Somaclonal Variation

The term ‘Soma-clonal variation’ has been used to refer to variation, which has been observed in plants regenerated from cell or tissue culture, but in general not from auxiliary bud or shoot tip culture. Variation arises due to pre-existing inter-cellular variations or induced variation during culture (in most cases). This technique would be of interest where insufficient variation is available to provide the level sought for traits or existing variation is not easily used in breeding. For example, herbicide tolerance is not known to exist in angiosperms which would be difficult to achieve through traditional breeding (Mitchler and Hassig, 1988). This technology has limited application in short or intermediate term improvement programme.

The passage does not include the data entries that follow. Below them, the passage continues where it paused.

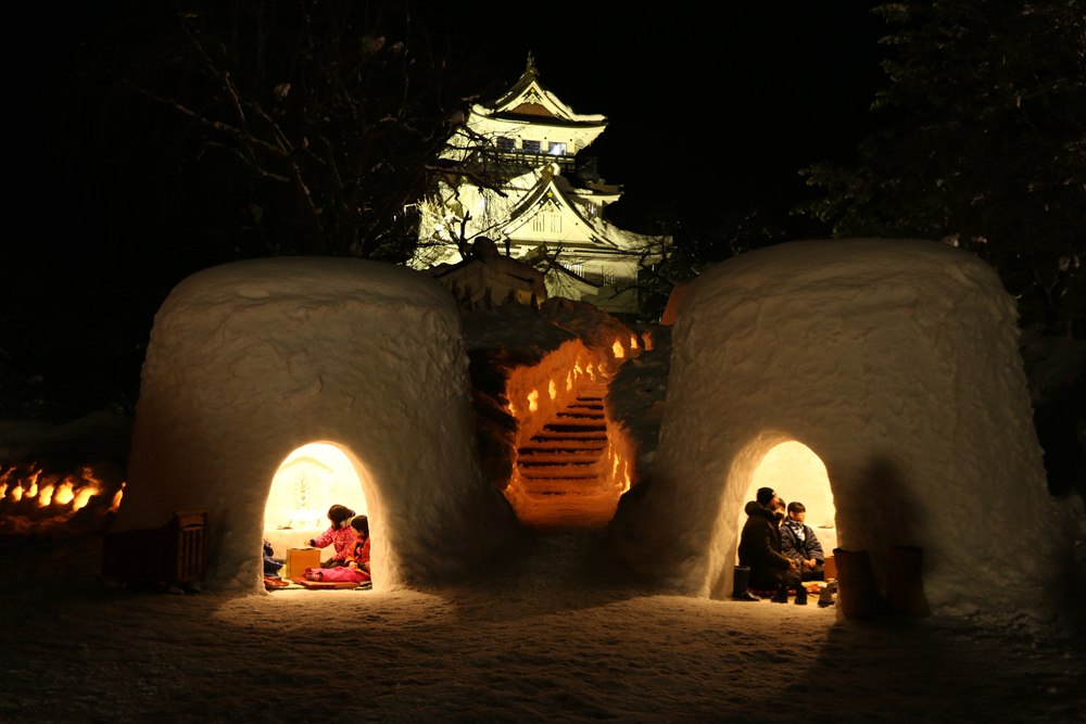아키타현의 겨울의 풍물시는 [카마쿠라 ] 입니다. [카마쿠라]라고 하면, 요코테시에서 옛부터 행해지고 있는, 눈을 산처럼 쌓아 올려, 거기에 큰 구멍을 파고 안에서 떡이나 잡조 등을 먹는 “ 요코테의 가마쿠라 ”(요코테시 지정 무형 민속 문화재)가 떠오릅니다.
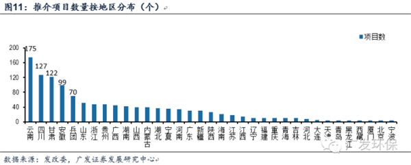 從推介項目數量的地區分布來看,批項目中,安徽、江蘇、貴州、山東、云南居前五位,分別有127、107、85、72、71個,合計占入庫項目總數的44.3%;第二批項目中,兵團、河北、安徽、山西、浙江居前五位,分別有166、139、138、120、93個,合計占入庫項目總數的44.09%。第三批項目中,云南、四川、甘肅、安徽、兵團居前五位,分別為175、127、122、99、70個,合計占入庫項目總數的48.09%。
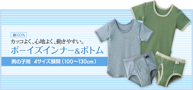 今回は男の子向けに、スポーティーなデザインとカラーがカッコいい、半袖インナーとボトム(ブリーフ)の上下セット(100〜130cm)のモニター10名様を募集します。

Protoplast Fusion, In vitro Embryo Rescue and Haploid Culture

Protoplast fusion comprises removal of cell wall and then fusion of cell contents. The hybrids developed are called somatic hybrids. Protoplast fusion could be important in genetic improvement for which wild relatives constitute extensive and untapped disease resistance gene sources (Haines, 1994). Nucleo-cytoplasmic incompatibility and poor plant regeneration from protoplast limits its application.

In vitro embryo rescue is usually used in fruit trees, to grow embryo that normally would abort due to incompatibility between ovule and embryo development. Mainly used in making crosses across the genera or species. Some early success include Pinus lambertiana X P. armandii (Stone and Duffield, 1950), Populus simonii X P. pyramidallis (Ho, 1987). Its application in tree species is impeded by difficulties in development of protocol.

Haploids are plants with ‘n’ somatic number of chromosomes, developed from male or female gametophyte. Haploid cultures are employed for rapid production of homozygous lines, which are colchicine treated and chromosome doubled, to get true homozygous lines. Mainly useful in self-pollinated crops to get pure lines. Hardwood trees species for which pollen cultures have produced plants are Betula pendula and 13 species or interspecific hybrids of poplars (Cheliak and Rogers, 1990). Induction of haploid doesn’t have immediate application in forest tree species. May be found useful in basic genetic studies of heterosis.

Cryopreservation and In vitro Storage

This comprises the maintenance of cells, tissues or organs in cultures where growth is slowed (e.g. by the reduction of light, temperature or nutrients) or suspended (by immersion in liquid nitrogen). Many technical difficulties are involved, particularly in the subsequent regeneration of plants from the cultures limit its application. Regeneration from cryo-preserved tissues has been induced for more than 70 species, including coconut, rubber, cocoa and coffee, and for several forest tree species. These results have led to hopes that the technologies may have a number of applications in tree improvement. In vitro storage and cryopreservation have little to offer with regard to forest trees except germplasm preservation of threatened tropical tree species. In the longer term, cryopreservation and in vitro storage may have some application as a backup conservation strategy.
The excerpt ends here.